I mean, two levels over you would only be +2 more (bar anything higher in proficiencies). Certainly more of a challenge (harder to hit, more accurate), but not necessarily impossible.
 

Aldarc

Legend
I should say that none of it is yet making me not look forward to playing some PF2 — but unless it’s been dramatically streamlined somehow from what I saw with the playtest, I doubt it’ll be my go-to game. However, just hearing someone say, “does this action have the manipulate trait?” during a recent Glass Cannon Podcast makes me think this won’t be the case... 3 actions per turn and only three or four action types, good. Tons of keywords and conditions that won’t fit on one page of a cheat sheet, not so good (for me at least)...
IME, these terms offer a higher entry point for learning the system, but become fairly second nature after a few sessions of use.

But if [party level]+2 were to be borderline impossible that would make sandboxes entirely unfeasible, and it would only work as a videogame where you have the level 5-8 "zone" where you're assured of not stumbling across anything level 9 (and the likely TPK).
IMHO what makes a sandbox feasible is (1) the party has a rough idea of the relative power level of certain threats so they can make decisions accordingly about what they choose to engage in the world, and (2) that there are repercussions in the world for decisions made and decisions not made. It's this last point that is where you can still have a sandbox for a system like PF2. The world does not sit and wait on the PCs before progressing.
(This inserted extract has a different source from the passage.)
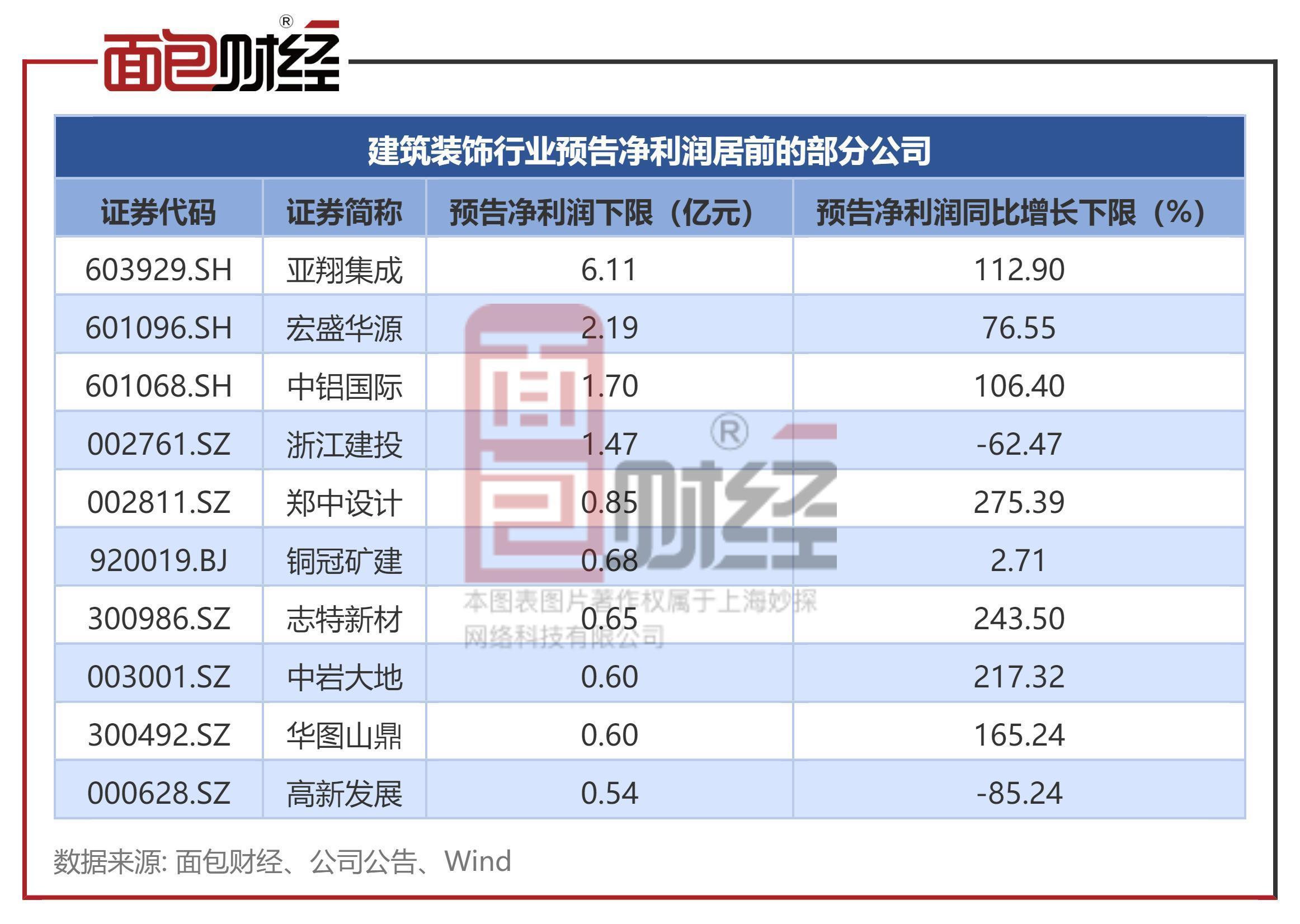 数据显示,亚翔集成、宏盛华源及中铝国际的预告净利润规模下限位列前三。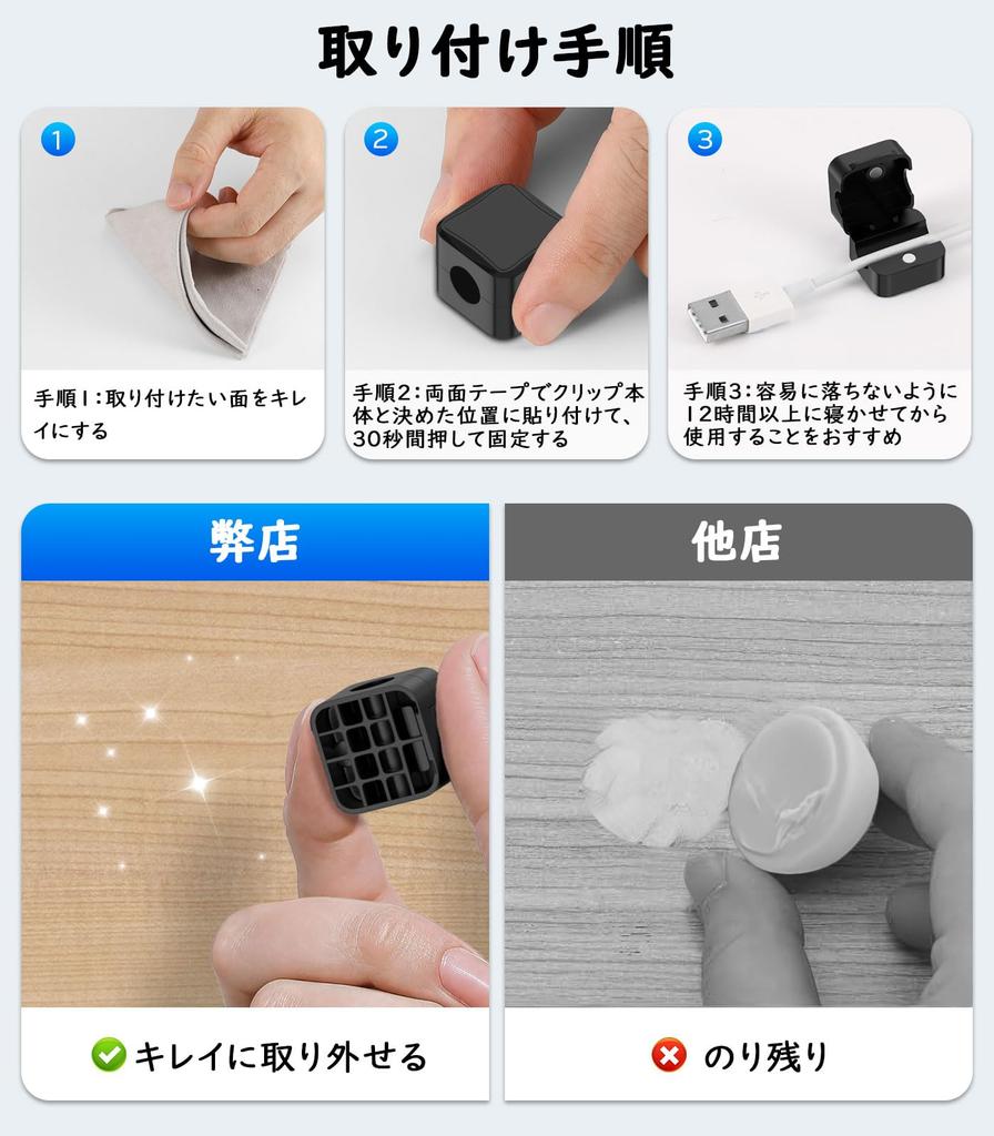 «Двусторонний скотч для крепления к плоской поверхности» Вы можете прикрепить 8 клипс в разных местах по мере необходимости, используя прилагаемый двусторонний скотч вместо одного. Если вы установите его на стене или столе, или в легкодоступном месте, он будет менее заметен, увеличит ваше рабочее пространство и его будет удобно доставать, когда он вам понадобится, что делает его идеальным для связывания кабелей на узком столе.

If the PCs ignore an expedition to Candy Mountain in favor of dealing with an orc outpost, then that expedition will accidentally awaken an ancient dragon. If they deal with the expedition to Candy Mountain, then the orcs will continue pouring into the region unimpeded. Your success can also usher in new game states. You wipe out the bandits, but something worse takes over their old lair and uses it as a base. The BBEG may even move there and find something nefarious there that the PCs didn't uncover when they went through. A sandbox is a call and response of changing game states in the world. It does not require moving from one region to another.
 

CapnZapp

Legend
Yes. Thank you.

I meant that I want to populate my sandbox with various foes. Of varying levels.

If I could only choose PL+1 (and not PL+5, say) it would quicky become absurd.